11. 类型转换


  1. 任意侧使用原生的C++类型。这种情况下,必须使用pybind11生成类型的绑定,Python才能使用它。
  2. 任意侧使用原生的Python类型。同样需要包装后,C++函数才能够使用它。
  3. C++侧使用原生C++类型,Python侧使用原生Python类型。pybind11称其为类型转换。 某种意义下,在任意侧使用原生类型,类型转换是最自然的选项。该方法主要的缺点是,每次Python和C++之间转换时都需要拷贝一份数据,因为C++和Python的对相同类型的内存布局不一样。 pybind11可以自动完成多种类型的转换。后面会提供所有内置转换的表格。


11.1 概述

1. Native type in C++, wrapper in Python


2. Wrapper in C++, native type in Python


  1. void print_list(py::list my_list) {
  2. for (auto item : my_list)
  3. std::cout << item << " ";
  4. }
  1. >>> print_list([1, 2, 3])
  2. 1 2 3

Python的list仅仅是包裹在了C++ py::list类里,并没有仅仅任何转换。它的核心任然是一个Python对象。拷贝一个py::list会像Python中一样增加引用计数。将对象返回到Python侧,将去掉这层封装。
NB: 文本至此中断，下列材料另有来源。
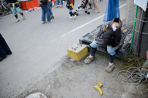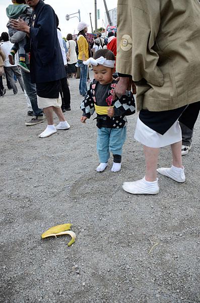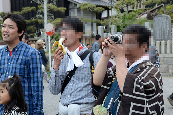 (撮影者注:群衆の中でのロケも大変だったが、2人のバナナ仙人も恥を捨てなければ叶わぬシーンだった)

3. Converting between native C++ and Python types


  1. void print_vector(const std::vector<int> &v) {
  2. for (auto item : v)
  3. std::cout << item << "\n";
  4. }
  1. >>> print_vector([1, 2, 3])
  2. 1 2 3

这个例子中,pybind11将创建一个std::vector<int>实例,并从Python list中拷贝每个元素。然后将该实例传递给print_vector。同样的事情发生在另一个方向:新建了一个list,并从C++的vector中获取元素值。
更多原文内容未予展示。